Handicapping D1 NCAA Women’s Nationals

by Andrew Mering 31

March 13th, 2017 College, News

The women’s D1 national championship meet starts on Wednesday. We’ve scored the psych sheet and examined how performance changes from the psych sheet at the big meet. It’s now time to combine to two into a forecast of the meet.

I ran a Monte Carlo simulation of the NCAA women’s meet minus diving (most top teams have 1 or 0 divers except Minnesota, and UCLA who have 3). The exact procedure was:

  1. Modify each swim on the psych sheet swim by a random percentage based on their team’s performance history. The percentage was drawn from a normal distribution with mean and standard deviation of the team’s previous time changes at nationals (for example, Georgia mean: .1%, sd: .91%). If a team had fewer than 20 swims in the previous 7 years at nationals, the entire field’s mean of .45% and standard deviation of 1% were used.
  2. Re rank the times based off the time changes
  3. Score the meet and check the order of the teams
  4. Repeat 50,000 times

The top teams unsurprisingly remain unquestioned under this procedure. Stanford won over 99.9% of the time. California was 2nd over 99.9% of the time. There were shakeups in the the top 10. The model gives NC State, 4th on the psych sheet, almost no chance of a top 4 finish based on swimming points. Instead, 84% of the time the model has them finishing somewhere between 7th and 12th. Georgia, 6th on the psych sheet, ends up in the top 4 in 68% of simulations, and the top 5 in 91%. Texas, 5th on the psych sheet, finishes 5th or higher based on swimming points in only 16% of the model runs. Virginia, 8th on the psych sheet, is 7th or better in 72% of simulations. A table with more of the results is below.

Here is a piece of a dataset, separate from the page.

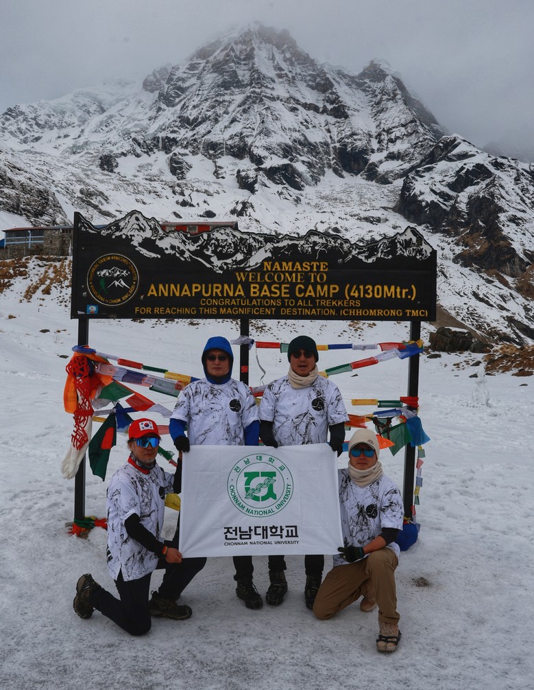 ▲ 전남대학교 원정대의 기념 촬영 모습(사진 뒤에 왼쪽이 정용석 대원, 오른쪽이 김동문 대원, 사진 아래 왼쪽이 박종은 대원, 오른쪽이 이주환 대원) |
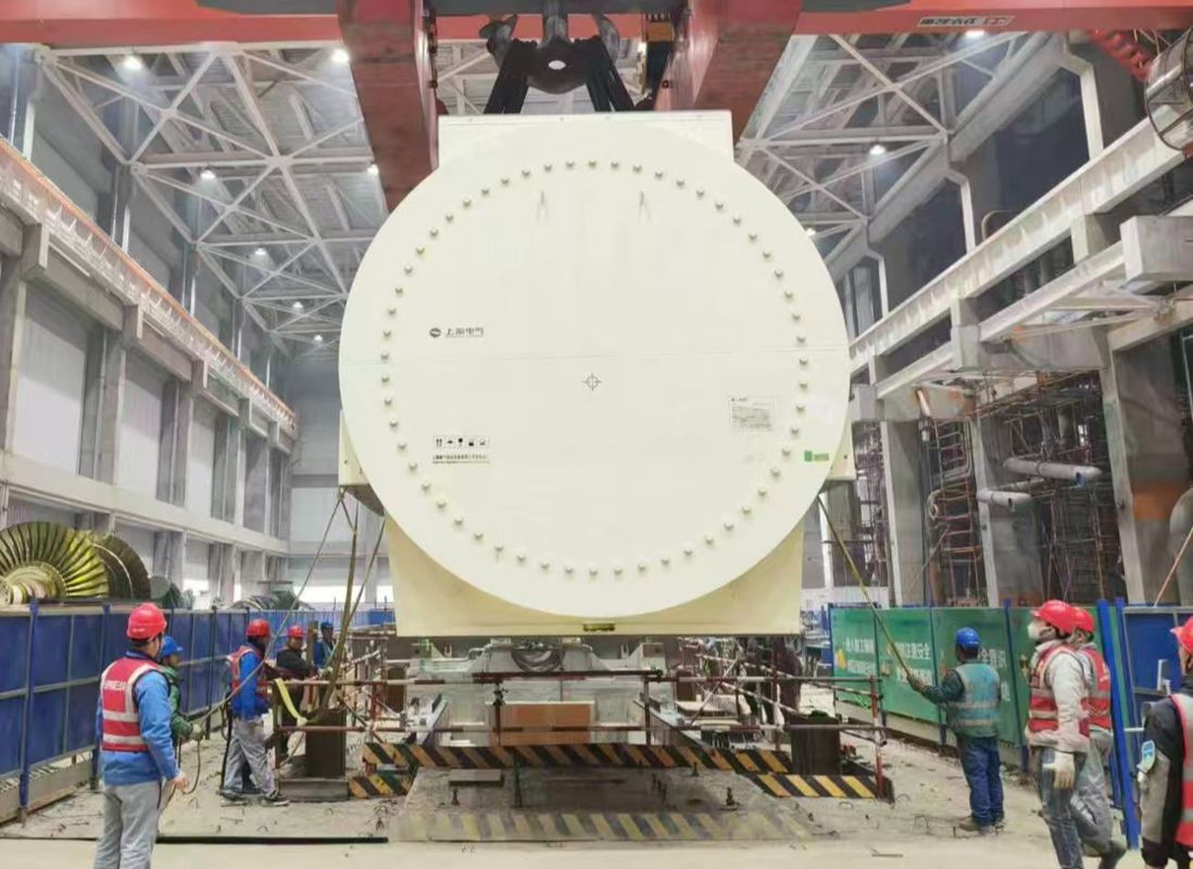 12月20日,六安能源2号机组的核心设备发电机定子吊装就位,标志着六安能源项目两台机组的发电机定子均已成功就位。

This methodology isn’t perfect. There’s no diving. It doesn’t include a chance of relay DQ’s. It also makes an assumption that past performance at nationals is predictive of future performance. This assumption appears reasonably valid based on the year by year time changes. Teams performances are correlated one year to the next. However, this simulation doesn’t include contingencies for teams drastically changing their past behavior. For example, NC State, #5 on the psych sheet, historically added an average of .72% at nationals. If suddenly they behave like Stanford and add only .01%, the model’s prediction of a <2% chance of a top 5 finish will probably be up ended (I’m not saying anything about NC State. Just a random example). For most teams, I think the assumption of behavior consistent with their history at this meet is valid, but there will probably be a couple teams who change their approach and have a historically novel result and break out from their expected finish here.

That’s the fun part: seeing which teams break expectations and do things we didn’t (or shouldn’t) predict. This post is about setting a baseline of expectations. The story of the meet will be which expectations are defied or fulfilled.

Simulated Places

The spaces with 0% are perhaps better marked as <1%. It happened, but it rounded to 0%. The blank spaces never happened. The full table continues past 20th place and 24 teams, but I cut it off for readability/relevancy reasons.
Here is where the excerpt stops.